Sukses

Produksi Lapangan Migas Jangkrik Sesuai Target

Produksi dari Lapangan Jangkrik, di Kalimantan Timur diharapkan dapat memberi efek signifikan untuk industri hulu migas Indonesia.

Liputan6.com, Jakarta - Lapangan minyak dan gas (migas) Jangkrik, di Blok Muara Bakau, Selat Makassar, Kalimantan Timur,‎ telah berproduksi sesuai target. Produksi dari lapangan Jangkrik menambah produksi migas Indonesia.

Menteri Energi dan Sumber Daya Mineral (ESDM) Ignasius Jonan mengatakan, lapangan migas Jangkrik telah memproduksi gas sebesar 120 sampai 130 juta standar kaki kubik per hari (MMSCFD) pada 26 Mei 2017. Hal ini sesuai target yang telah ditetapkan.

"Target bulan Mei, tercapai tidak? Tercapai, mulai 26 Mei, FPU Jangkrik sudah on stream. Produksinya sekarang kira-kira 120-130 mmscfd," kata Jonan, dalam keterangan tertulis, di Jakarta, Senin (12/6/2017).

Saat mengeksploitasi lapangan Jangkrik, guna memproduksi gas dan kondensat yang menjadi cikal bakal minyak, operator lapangan tersebut, yaitu Eni menggunakan Floating Processing Unit (FPU) Jangkrik. Hal ini dilakukan karena lapangan Jangkrik terletak di lepas pantai.

"FPU Jangkrik ini sebenarnya adalah kapal yang dipakai untuk melakukan eksploitasi gas dan kondensatnya di lepas pantai, yang berada di laut dalam sekitar 450 meter," jelas Jonan.

Pengoperasian FPU Jangkrik tersebut menjadi bukti, saat ini Indonesia tetap mampu mengembangkan lapangan migas baru. "FPU Jangkrik yang on stream pada 26 Mei 2017 ini bukti kita mampu kembangkan lapangan migas baru, dan kita akan selalu melakukannya," tambah Jonan.

Sesuai dengan rencana kapasitas produksi, kapal FPU Jangkrik dirancang untuk pengolahan gas dengan kapasitas hingga 450 MMSCFD secara bertahap, atau setara dengan 83 ribu barel setara minyak per hari (barrel oil equivalen per day/boepd).

"Kalau disesuaikan lagi, ditingkatkan sedikit, kapasitas produksinya bisa sampai 600 mmscfd dengan tambahan gas yang berasal dari lapangan Merakes di Blok East Sepinggan," ucap Jonan.

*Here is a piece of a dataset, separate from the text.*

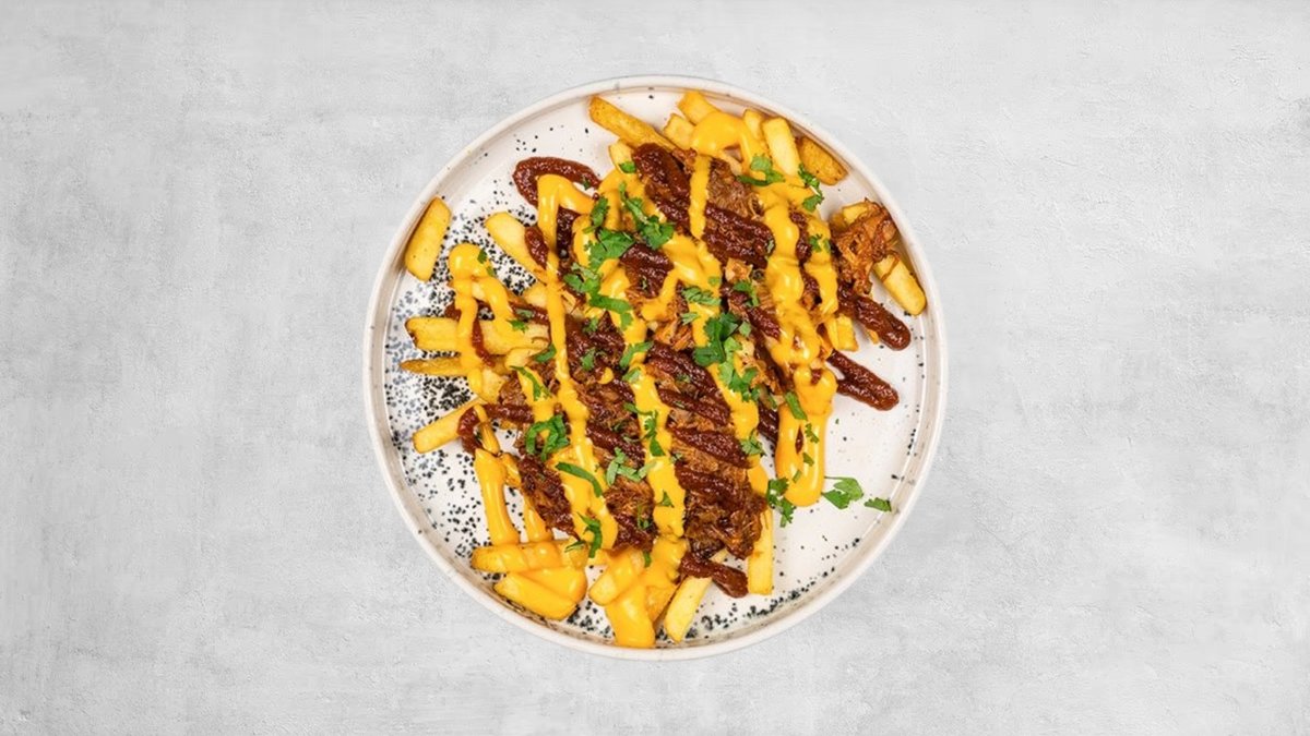 2 druhy hranolek zapečené s trhaným masem a sýrem: batátové a klasické hranolky zapečené s trhaným masem a sýrem, podáváme s kečupem nebo chilli majonézou

Hal ini memberikan efek yang sangat signifikan terhadap industri hulu migas Indonesia, karena menurut Jonan, produksi dari Lapangan Jangkrik ini untuk pengganti produksi Blok Mahakam yang mulai turun.

"Kalau bisa minimal 450 (mmscfd) itu lumayan sekali, produksi (gas) nasional sekarang 7.100 mmscfd, mestinya menambah 7 persen bila kondensatnya sedikit," papar Jonan.

Jonan mengungkapkan, Eni akan menggandeng Chevron, untuk bekerjasama penggunaan fasilitas produksi pada proyek Indonesia Deepwater Development (IDD) di Gendalo-Gehem, Selat Makassar, yang cukup dekat dengan lokasi FPU Jangkrik ini.‎ Dengan tambahan dari IDD ini nantinya, pada 2022 akan diproduksi 900 MMSSCF gas dari FPU Jangkrik, atau sekitar 13 persen dari produksi gas nasional.

"Jadi Chevron tidak usah berinvestasi lagi yang besar, fasilitas yang sama bisa dipakai, supaya tidak ada duplikasi (lebih efisien) dan waktunya bisa lebih cepat," tutur Jonan.

Seperti diketahui, proyek Pengembangan Kompleks Jangkrik di lepas pantai laut dalam Indonesia, meliputi Lapangan Jangkrik dan Lapangan Jangkrik North East telah memulai produksinya (first gas) pada bulan Mei 2017 lalu, lebih cepat dari pada target yang tercantum di dalam rencana strategis Kementerian ESDM 2015-2019 yaitu tahun 2018. Produksi dari kedua lapangan disalurkan melalui 10 sumur bawah laut yang terhubung dengan FPU Jangkrik.

Setelah diproses di atas FPU, gas akan dialirkan melalui pipa khusus sepanjang 79 km ke Fasilitas Penerima di Darat atau on shore Receiving Facility yang keduanya baru dibangun oleh Eni, melalui Sistem Transportasi Kalimantan Timur, hingga tiba di kilang LNG Badak di Bontang. Produksi gas dari Jangkrik akan memasok LNG ke pasar domestik dan juga pasar ekspor.